Premium: build desire, charge for it. Differentiated product, considered packaging, brand building at every touchpoint, and pricing that reflects the value delivered. Think Fever Tree, Poppi, Nespresso, Tony’s Chocolonely. In the world of cultivated meat, Forged by Vow is doing this with their Japanese quail grown from a single animal cell and served in high-end restaurants in Singapore and Australia. Not trying to imitate the mainstream. Building a category from the top down, exactly as food history tells us that categories should be built.

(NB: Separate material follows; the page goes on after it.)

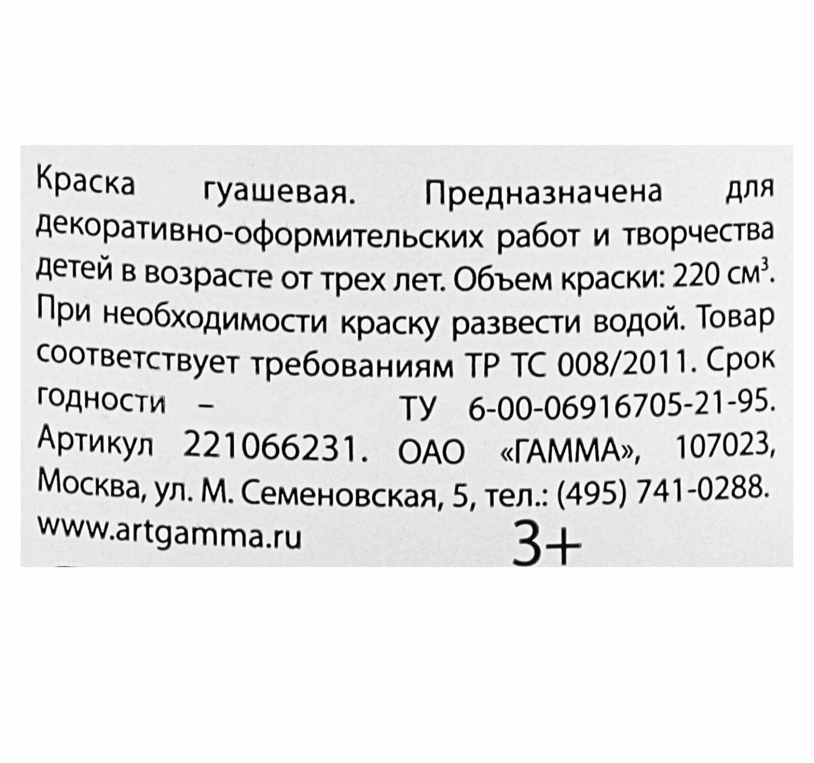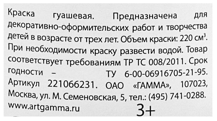Гуашь Классическая 220мл Белила Цинковые 221066222 /гамма/

The middle: the hardest lane to hold. Years of efficiency optimization have eroded product quality here, often paired with brand investment being cut at the same time. As commodity prices in cocoa, coffee and meat hit record highs, mainstream brands are struggling to justify their price to consumers. This is also where the alt-protein graveyard resides. Companies like Beyond and Meatless Farms attempting branded plays without offering anything beyond parity products, now also tarnished by perceptions of being ultra-processed.

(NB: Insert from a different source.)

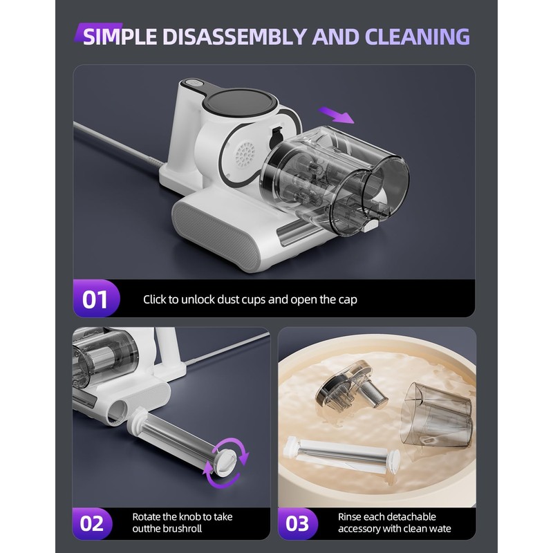 - Deep Cleaning and Dust Removal: Equipped with a 253.7nm UV light source and a 149H (65) heating function. The powerful UV light penetrates deep to destroy dust. The UV light automatically turns off if the vacuum is tilted or lifted from the mattress.

The middle isn’t dead, but it demands more than it used to. The Heinz Dipper, a french fries box with a pull-out compartment that can hold your favorite condiment, is a small example of how to do it. Genuine innovation that gives a fast-food outlet a real reason to stock Heinz over a cheaper white-label alternative and charge the consumer accordingly. Bravo Heinz. Someone pass the fries.

The only way out is to be clear on the value you are putting in

Pricing is largely being dictated by external forces: commodity costs, labor, logistics, and regulatory pressure. With all of them trending up, brands need to justify their value when the inevitable price rise comes.

Strip back to value and own the efficiency play with conviction. Build a premium and make every element of the proposition – product, packaging, distribution, brand – carry its weight. Or stay in the mainstream and innovate hard enough to make consumers feel the difference. What doesn't work is drifting. Charging premium prices while delivering commodity quality. Claiming to be a brand while competing on price. Promising innovation while delivering parity.

The brands that figure out their value value (whichever lane they choose) clearly, consistently, and credibly will be the ones commanding the greatest shelf presence when the dust settles.